> Information provided:
* * *

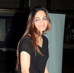 Alvira Agnihotri at Ishkq In Paris-Isabelle Adjani event
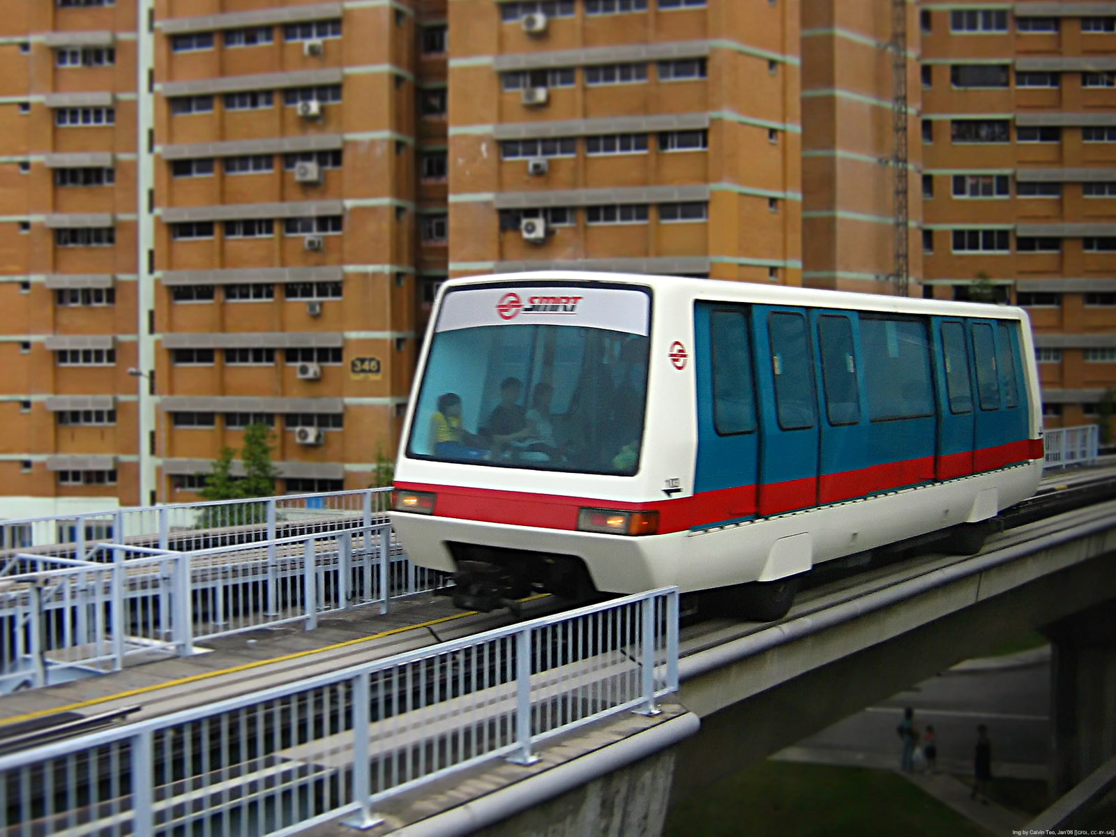 A Bombardier CX-100 Car on the Bukit Panjang LRT in Singapore. Img by Calvin Teo, January 2006
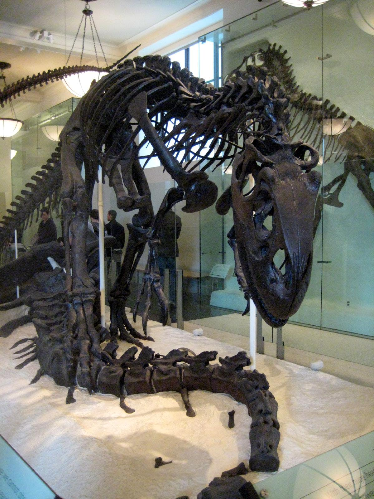 Allosaurus, American Museum of Natural History.
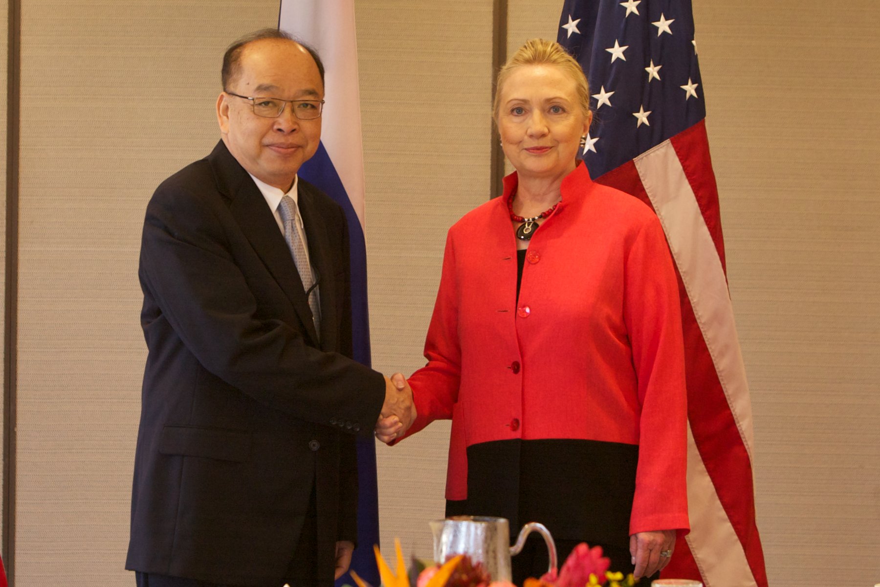 U.S. Secretary of State Hillary Rodham Clinton meets with Thai Foreign Minister Surapong Tovichakchaikul in Bangkok, Thailand, on November 16, 2011. [State Department photo by Scott Chernis]

* * *

> Your assignment:
From the line containing "A Bombardier CX-100" down to the end of the listing above, every line is to be returned exactly, though the pictures are not.

> Your response:
 A Bombardier CX-100 Car on the Bukit Panjang LRT in Singapore. Img by Calvin Teo, January 2006
 Allosaurus, American Museum of Natural History.
 U.S. Secretary of State Hillary Rodham Clinton meets with Thai Foreign Minister Surapong Tovichakchaikul in Bangkok, Thailand, on November 16, 2011. [State Department photo by Scott Chernis]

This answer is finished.